Regulus moved to stand before the energy field and turned to face Kelbor-Hal.
‘This will bind the Mechanicum to the cause of Horus Lupercal,’ said Regulus. ‘You understand that if this door opens, there can be no going back.’
‘I have not come this far to turn back, Regulus,’ stated Kelbor-Hal.
‘Moravec was branded a witch,’ said Regulus. ‘Did you know that?’
‘A witch? No, I did not, but what difference does it make? After all, any sufficiently advanced technology is likely to be mistaken for magic by the ignorant.’
‘True,’ allowed Regulus, ‘but Moravec was so much more than just a man ahead of his time in technological advancement. He was the Primus of the sect known as the Brotherhood of Singularitarianism.’
‘I know this,’ said Kelbor-Hal. ‘The Coming of the Omnissiah was his last prophecy before he vanished.’
‘The Brotherhood of Singularitarianism believed that a technological singularity, the technological creation of a greater-than-human intelligence, was possible and they bent their every effort to bringing it into being.’
‘But they failed,’ pointed out Kelbor-Hal. ‘The warlord Khazar united the Pan-Pacific tribes and stormed Moravec’s citadel before the rise of Narthan Dume. Moravec fled to Mars and vanished soon after.’

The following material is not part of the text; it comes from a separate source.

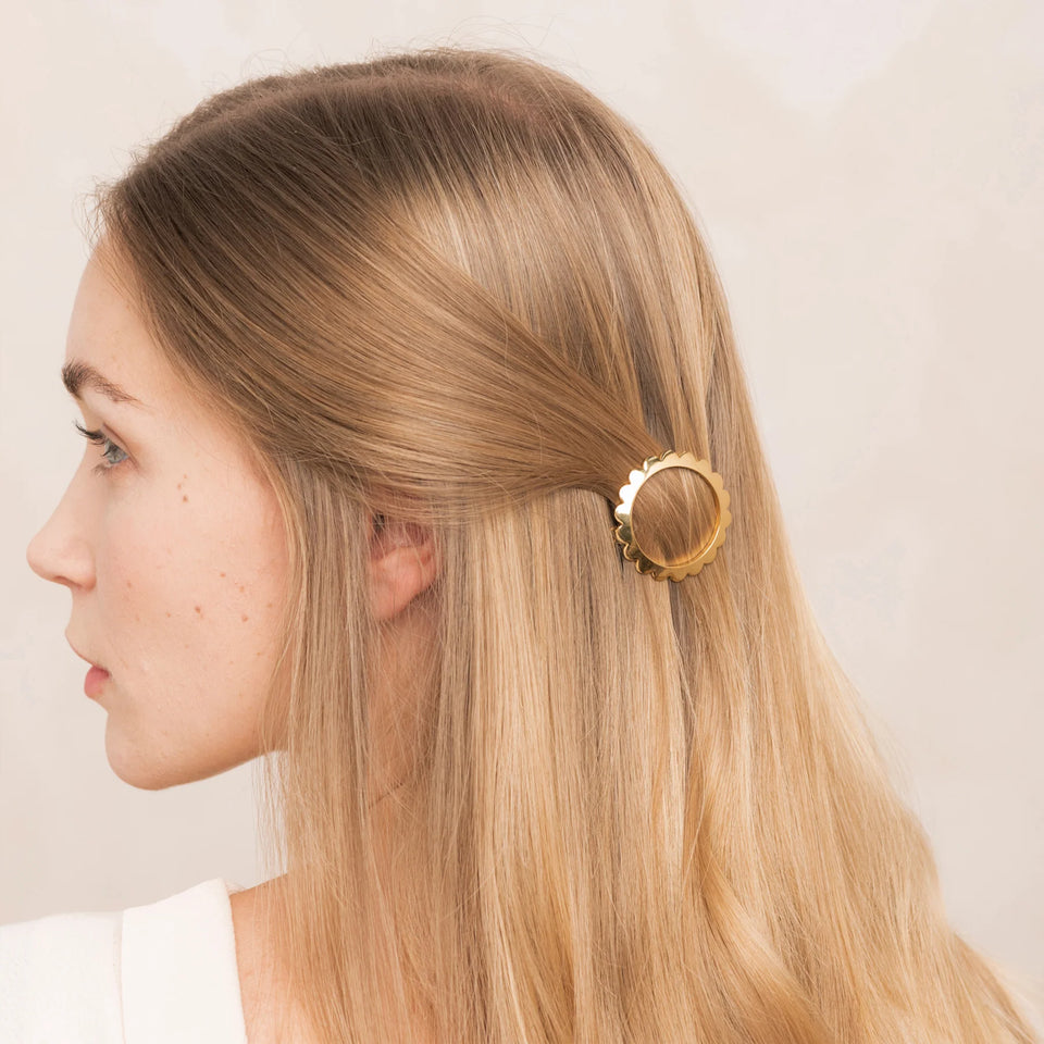 Barrette ronde plate, détail forme "fleur". Légèrement incurvée pour épouser la forme de la tête. Attache plate.

Regulus shook his head and Kelbor-Hal could read an amused ripple in his bio-electrical field. ‘Moravec did not fail. He succeeded, and that made him dangerous.’
‘Dangerous to whom?’
‘To the Emperor,’ said Regulus.
‘Why? Surely the Emperor could have made use of his discoveries.’
‘To evolve his technologies, Moravec made pacts with entities far older than the race of man, entities that even now grant aid to the Warmaster. He blended the science of mankind with the power of ancient, elemental forces to create technologies far in advance of anything that could be crafted in the forges of Terra.’